The reason passwords suck is: This one wants eight characters, with a symbol and letter This one wants eight characters, with NO symbols, and a letter This one wants upper and lower case letters This one wants upper and lower case with a symbol and number This one want upper and lower with no symbols. The formats change all the time, so it is no wonder that most people end up with a post it note stuck to the computer, or if stealthy, inside the draw.

Too many sites want a password

[mtthwbrnd]

Even to read some news site requires that you go through the stupid account creation process. I doubt that most are using these simple passwords for anything important, just for the stupid sites who are so full of their own self importance that the creators believe that at some stage in the future a huge corporation i going to offer them $100M for their database of users.

Look, I bought a box to hook up to my tv to watch youtube on my tv. It requires me to enter a google email address. Well, I did not want to use my usual email address. What if I give the box to somebody Do I have to spend an hour trying to delete my account details from the stupid thing? So I did what everybody else does. I spent half an hour creating YET ANOTHER F*CKING GOOGLE ACCOUNT with a fake name and simple password (123456 or something like that so just so that I could use the thing.
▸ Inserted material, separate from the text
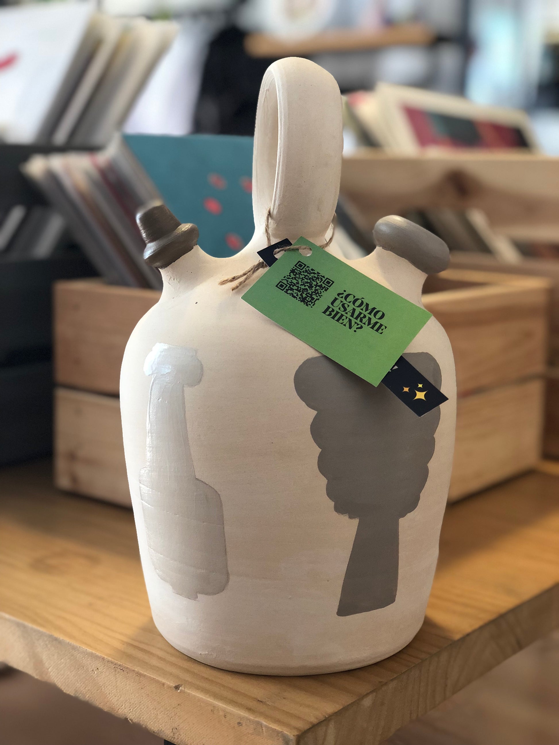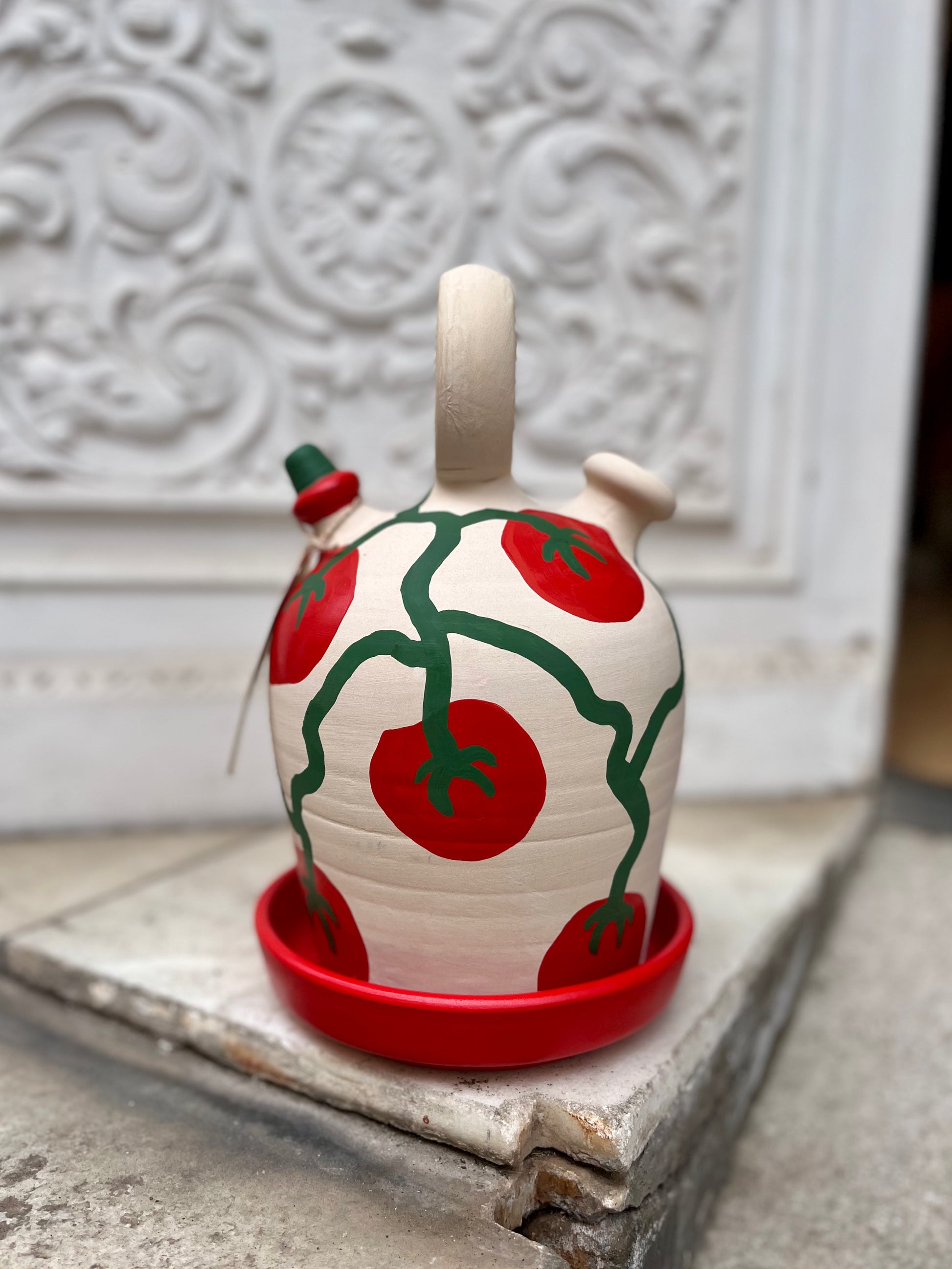 Botijo artesanal, diseñado y pintado por el artista plástico y diseñador Sota Pérez. Los modelos "azul" y "tomates" vienen con platito incluido

If you try to watch "Tayo The Little Bus" it asks you to sign in because apparently some idiot user has marked it as not "Age Appropriate" or some other nanny state BS like that.

That is why there are so many "easy" passwords. Because the idiots in charge have created a situation where we have to have so many passwords.

Re:Maybe people don't care

[QuesarVII]

He used iso date format - arguably the best and most universal way to represent a date. Get over yourself.